#### Exercise:
Nothing but the lines below from the one holding "Expertly crafted to" up to and including the one holding "点击播放按钮,我们就在Envector中建立好了一个扭转的绿叶动画。" should be copied, exactly and without pictures.
___ Stored data
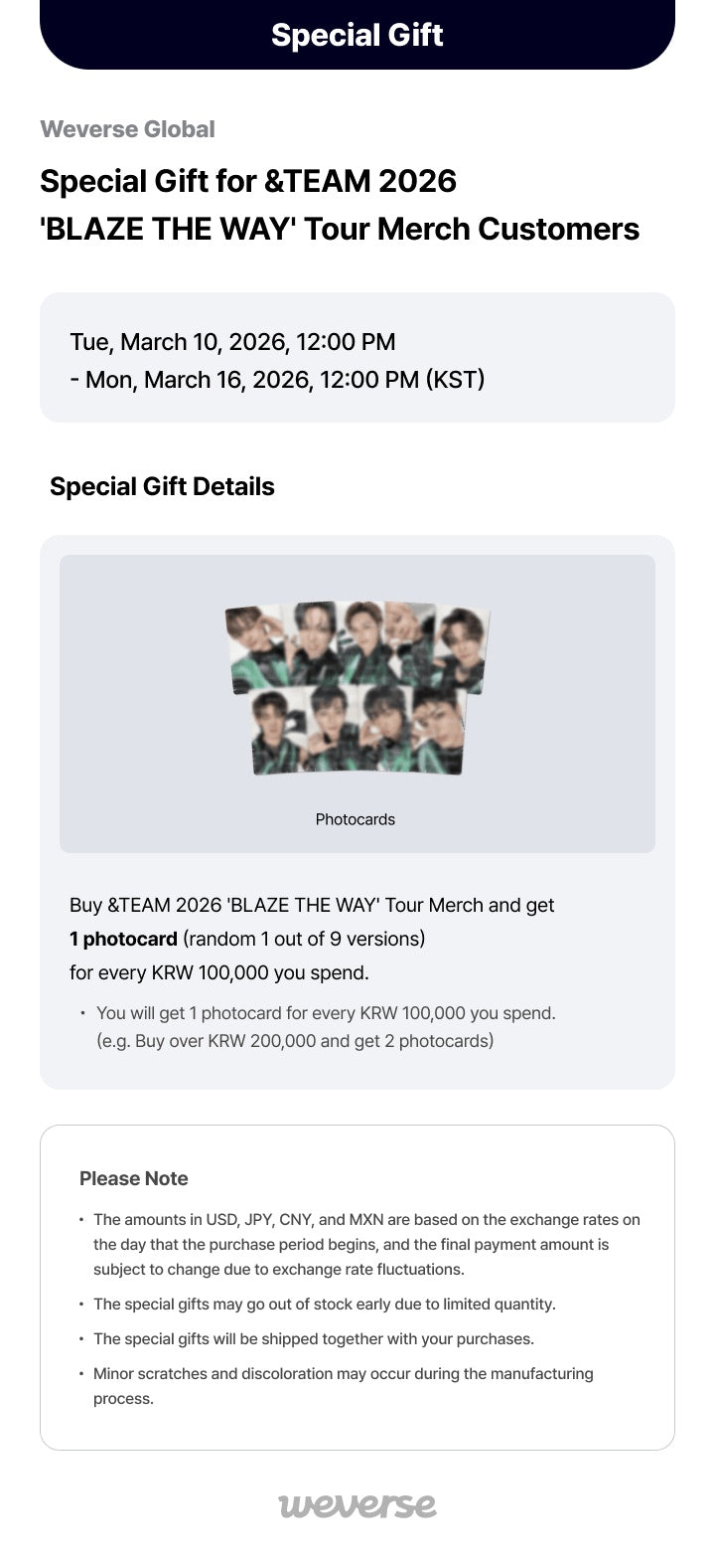 - All purchase quantities will count towards HANTEO, CIRCLE (GAON) and BILLBOARD Charts.
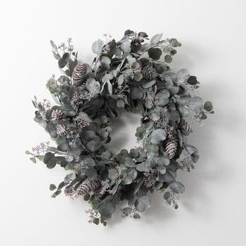 Expertly crafted to mimic natural eucalyptus leaves and pinecones, this wreath adds a sophisticated, seasonal touch to your front door.
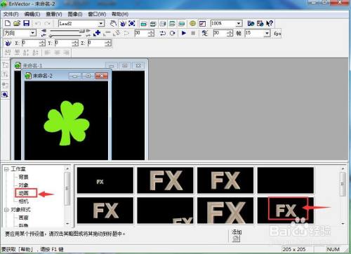 点击播放按钮,我们就在Envector中建立好了一个扭转的绿叶动画。
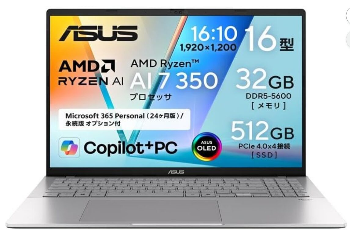 ASUSのVivobook S 16 M3607KAは、Ryzen AI 7 350とNPUを搭載したCopilot+PC世代の16インチノートです。本モデルはAmazon.co.jp限定仕様として、32GBメモリとMicrosoft 365 Personal(24か月版)を標準搭載。有機ELディスプレイによる高品質な表示と、AI処理を見据えた将来性の高さが大きな特徴です。一方で、サイズ感や用途によっては向き不向きも存在します。本記事では、性能・使い勝手・注意点を整理し、このVivobook S 16がどんな人に「買い」なのかを分かりやすく解説します。
______
#### Written response:
 Expertly crafted to mimic natural eucalyptus leaves and pinecones, this wreath adds a sophisticated, seasonal touch to your front door.
 点击播放按钮,我们就在Envector中建立好了一个扭转的绿叶动画。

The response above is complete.